There are two kinds of crypto, symmetric key and public key. Symmetric key is easily out of the window. For public key crypto, you always need a secret key and that has to be prior knowledge, not something negotiated on the fly, and of course prior knowledge has to be kept somewhere and presumably synced if you need it elsewhere, and it definitely can be lost. "Distributed secret keys solving everything" sounds like nonsense to me; there's always a secret key that is the starting point (call it the master key, if that makes more sense) and can't be distributed.

The fundamental difference is source independence. It doesn't matter where the data is, as long as someone has it pinned, you'll be able to access it.
That indeed is a fundamental difference. But on second thought I got confused. Source independence, content addressable are nice and all, but we don't build static websites that always have same hashes; "Ubuntu Server 18.04.1 ISO" could be ipfs://<static_hash>, but even "latest Ubuntu Server 18.04.x ISO" couldn't be that. You still need to query the origin server (or client, whatever you call it), the central authority, to get those addresses. So, frequently changing websites/webapps don't benefit from this; they may even be penalized by the overhead. Only aggressively cacheable objects could benefit, but the vast majority of those probably won't be popular enough to be cached/pinned by peers anyway, so you still end up getting whatever you need from the origin server (or paid CDNs).

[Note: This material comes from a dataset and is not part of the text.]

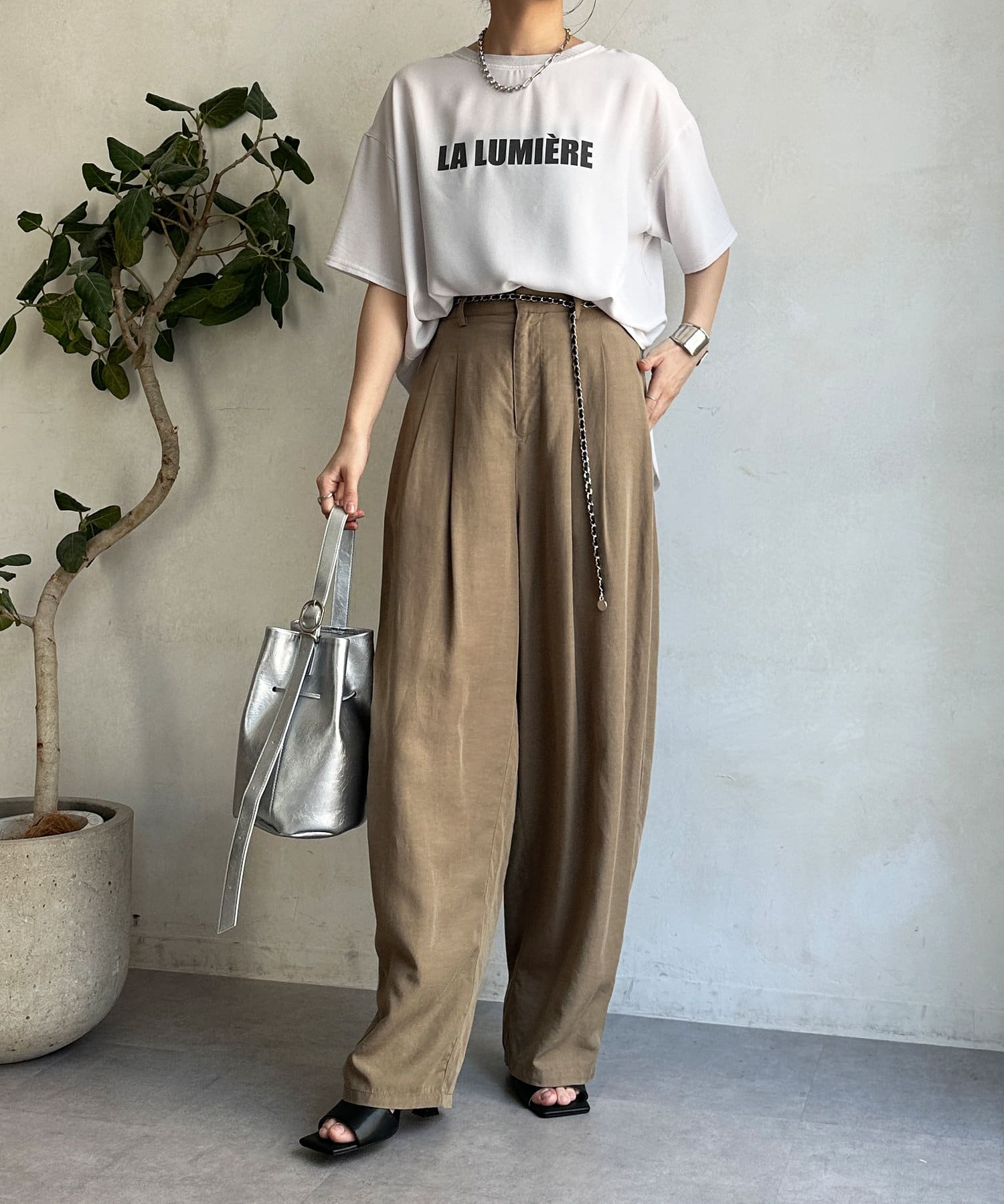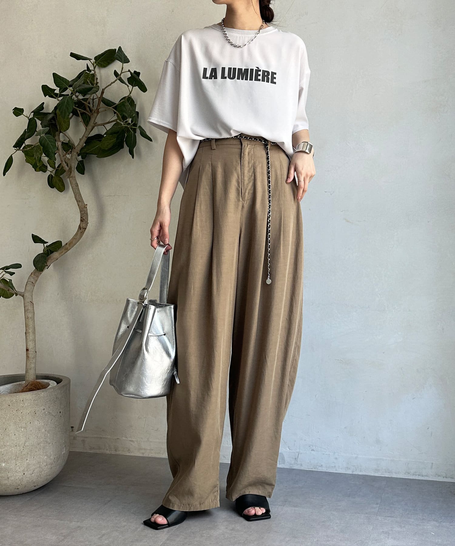 カジュアルさもありながら、ジョーゼット素材のきれいめな印象もプラスし、大人なスタイルに仕上がります。

Btw, I skimmed through Beaker docs, and it seems they resolve names through DNS (what else can they do) and even use HTTP for discovery.

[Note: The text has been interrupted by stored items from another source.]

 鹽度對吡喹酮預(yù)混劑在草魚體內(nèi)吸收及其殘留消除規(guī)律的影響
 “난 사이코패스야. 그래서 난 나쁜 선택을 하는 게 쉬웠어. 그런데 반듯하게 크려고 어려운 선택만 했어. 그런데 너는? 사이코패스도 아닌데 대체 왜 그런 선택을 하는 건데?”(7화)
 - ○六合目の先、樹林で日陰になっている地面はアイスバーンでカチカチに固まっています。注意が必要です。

I'd say that most websites are static enough to be pinned. With the others, the main problem is content determinism. If the same website renders differently on different platforms, they will have different hashes. The only reliable way to store them is in "unrendered" form. Which prevents the inclusion of external resources, something that most single-page interactive websites rely on.

Naming is a consensus problem. The key here is having the freedom of choice between trusted providers. The central source could be provided by a single cryptographic key, by many keys, m-of-n schemes or other arbitrary contracts, even in P2P form.

I'm really interested in what kind of user interfaces the Beaker people come up with when it comes to their "editable cloned websites" (forks).

Most websites; maybe.

Most popular websites; unlikely. Even HN isn't static enough to be pinned considering there is a new comment about once a minute or so.

What is pinned would be the content that doesn't change. It may mean the site architecture would need to be changed to accommodate one of these decentralized models.
Just want to point out that Beaker uses dat, not ipfs, so its sites are pubkey-addressed and therefore mutable.
You are right, a p2p web wont solve the barrier to entry, but web hosting costs $20 a year, so its not much of a barrier.

The real cost is scale, $20 year will cover a few thousand users but if you want googles scale it will cost you in bandwidth and complexity. p2p like torrents radically reduces the cost of bandwidth by distributing it, but more importantly it reduces complexity by standardising it.

Once the complexity is standardised budget web hosting can provide google scale for dirt cheap, and there are millions of budget hosting companies too many to shutdown them all giving you censorship resistance.